Could you endure?Tanesia Fisher, 16, a junior at Stone Bridge High School, doesn't think so."I probably wouldn't have been as strong as her. I couldn't have handled it."

Tanesia is the granddaughter of Betty Kilby Fisher. And this was the situation Fisher found herself in during the late 1950s, when she was a 13-year-old living in Warren County.Dismayed by widespread segregation practices, Betty's father, James Kilby, decided to draw the line with his own daughter.

He filed a case in Betty's name to force the integration of Warren County High School. Ordered by federal courts to end segregation, Virginia balked; instead, the governor ordered the closing of that school, along with others in the state, as part of a policy of Massive Resistance.

Eventually, Virginia's Supreme Court ruled that policy unconstitutional and the schools reopened, but the white students stayed away. For months, Betty and a handful of other black teenagers walked the quiet halls at Warren County High School.Over time, white students returned - some with a vengeance. Betty was emotionally, verbally and physically abused, and resulting trauma has stayed with her throughout her life.

People may not "understand the price that we paid to get an education," said Betty, 61, who now lives in Euless, Texas.

"That's the way you take someone's power away," said Paulette Moore, a documentary film director associated with Shenandoah University in Winchester.
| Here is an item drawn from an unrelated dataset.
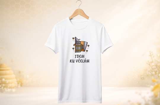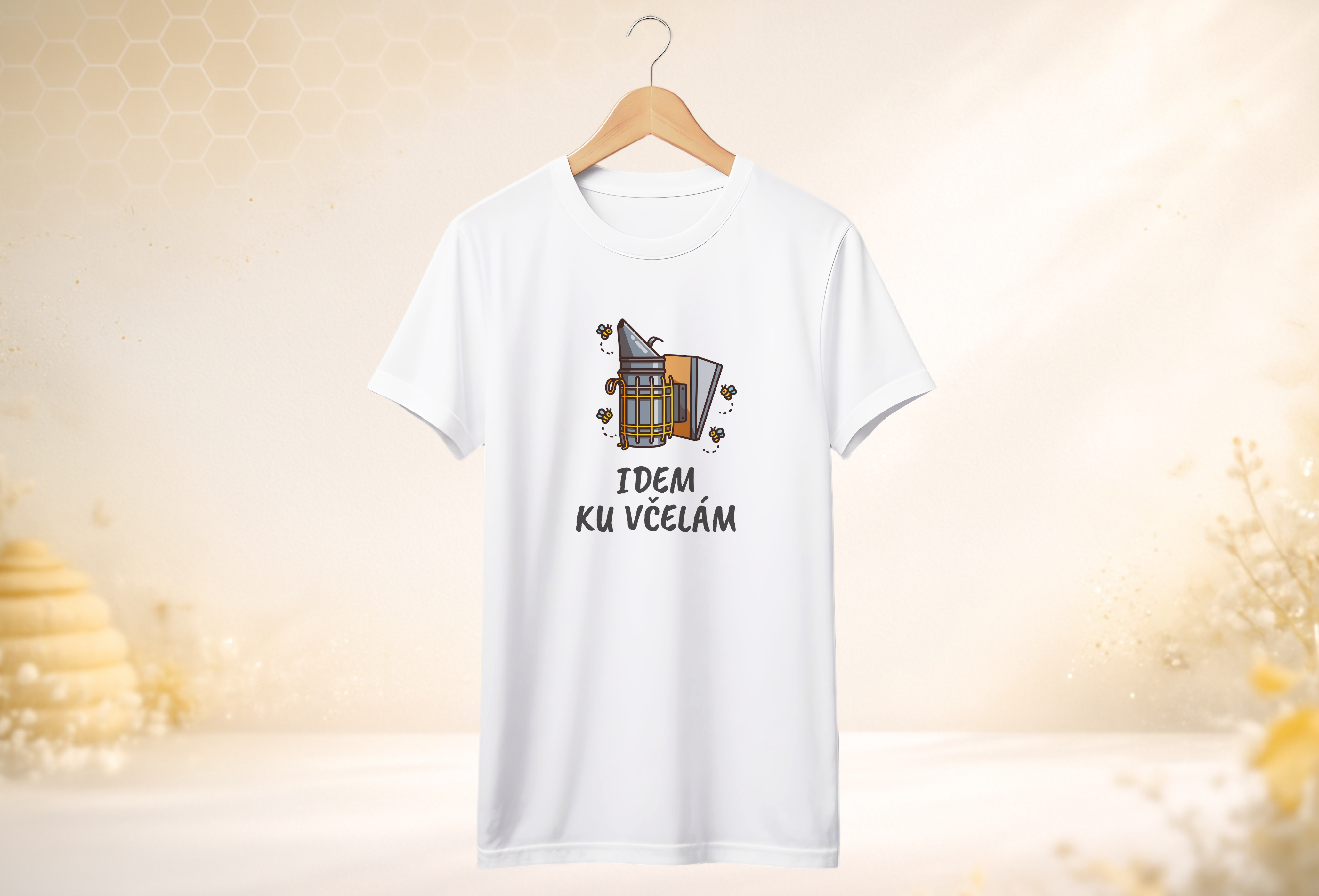 Biele tričko s včelárskou tématikou zo 100 % bavlny potlačené na hrudi.

Moore is producing a film about Betty and the events of 50 years ago.

"[Betty] didn't tell anyone what happened," said Moore. "If young girls told their families, they would have to go and defend their honor. People could get killed."
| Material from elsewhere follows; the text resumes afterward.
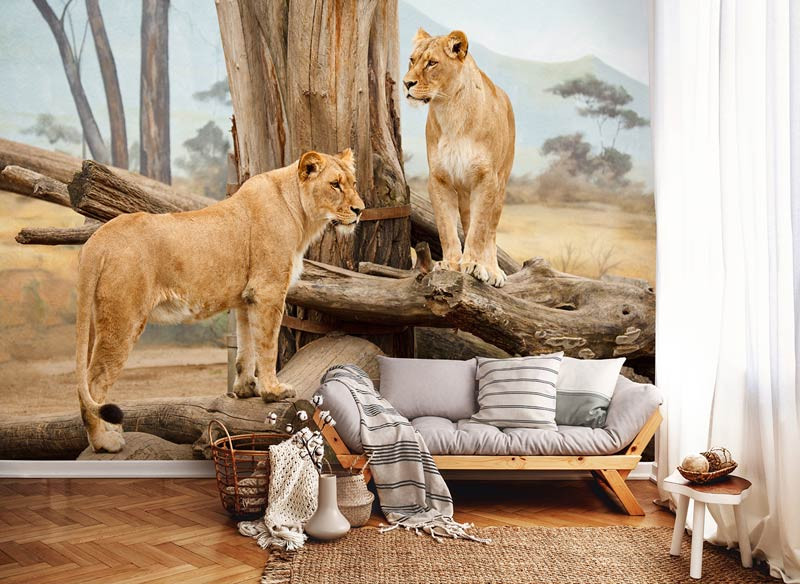 Löwinnen Fototapete ist eine einzigartige Ergänzung für jeden Raum.

In 2002, Betty shared her experiences in a book, "Wit, Will and Walls.""When I first wrote my book, I had an image of young people reading the book," said Betty. "There were things I didn't want to put in. But if I cut and pasted pieces, it wouldn't be a real story. I thought, if I am going to touch people, it will be with the raw truth."
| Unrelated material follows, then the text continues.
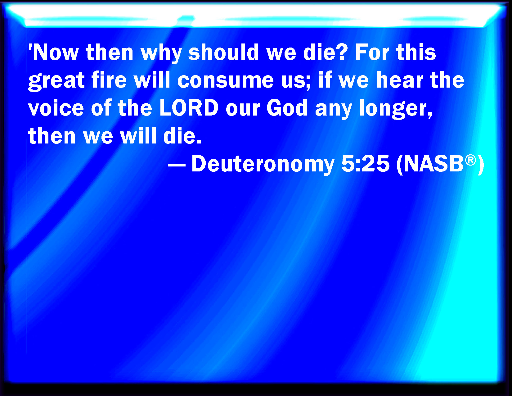 Bible Verse Slide Deuteronomy 5:25 Now therefore why should we die? for this great fire will consume us: if we hear the voice of the LORD our God any more, then we shall die. KJV: Now therefore why should we die? for this great fire will consume us: if we hear the voice of the LORD our God any more, then we shall die. DRB: Why shall we die therefore, and why shall this exceeding great Are consume us: for if we hear the voice of the Lord our God any more, we shall die. DBT: And now, why should we die? for this great fire will consume us. If we hear the voice of Jehovah our God any more, we shall die. ERV: Now therefore why should we die? for this great fire will consume us: if we hear the voice of the LORD our God any more, then we shall die. WBT: Now therefore why should we die? for this great fire will consume us: if we hear the voice of the LORD our God any more, then we shall die. WEB: Now therefore why should we die? For this great fire will consume us: if we hear the voice of Yahweh our God any more, then we shall die. YLT: And, now, why do we die? for consume us doth this great fire — if we add to hear the voice of Jehovah our God any more — then we have died.Links Deuteronomy 5:25 NIV • Deuteronomy 5:25 NLT • Deuteronomy 5:25 ESV • Deuteronomy 5:25 NASB • Deuteronomy 5:25 KJV • Deuteronomy 5:25 Interlinear • Deuteronomy 5:25 Commentaries • Deuteronomy 5:25 Parallel Texts • Deuteronomy 5:25 Bible Apps • Deuteronomy 5:25 Parallel • Bible Hub |

Moore found Betty's story deeply compelling, and an ideal subject for a documentary film. When it came to casting the film, Betty felt strongly that her granddaughter Tanesia could play an important role - that of Betty herself.

Tanesia is thoughtful and direct when asked about her grandmother's experiences and her decision to be part of the film.

"I've always been really close to my grandmother. I knew some of the story," said Tanesia. "But I didn't know all the stuff she had to go through. When I read the book, I was surprised. I was kind of hesitant about the whole acting thing ... showing so much emotion, but I didn't want to disappoint my grandmother. It means a lot to her."

A four-day shoot in mid-August took the film production crew and cast to locations around Clarke and Warren counties to re-enact key events in the story. Moore now is seeking additional funding to undertake a second phase of the documentary production. She has a target completion date of 2008, 50 years after the original case was filed.

The director is constructing the historically based film in a way that young people today can relate to, with limited black-and-white footage - "the events took place in vivid color" - and contemporary music instead of gospel or march songs.

She feels there is an important message here.

"You don't have to be Betty Kilby Fisher to make a change. It's not alchemy," said Moore. "It starts with just speaking your mind."

That's something Tanesia does well. She realizes there are people who honor the legacy of her grandmother - and those who don't.

"You can't force people to appreciate it," said Tanesia. "No one changes just because of one decision someone makes. Racism is still everywhere. It's still in school. Most people are in denial." But she adds, "If you reach out to the younger kids, they'll realize that what they have now is something to be grateful for."

What Tanesia has now are some specific goals. She wants to go to college, earn a business degree and open a seaside resort hotel in her mother's native country, the Philippines.A grand dream, perhaps, for any high schooler - but one that seems in reach. And for that we can thank, in large part, people like Betty Kilby Fisher, who gained their own beachheads in Virginia's civil rights movement half a century ago.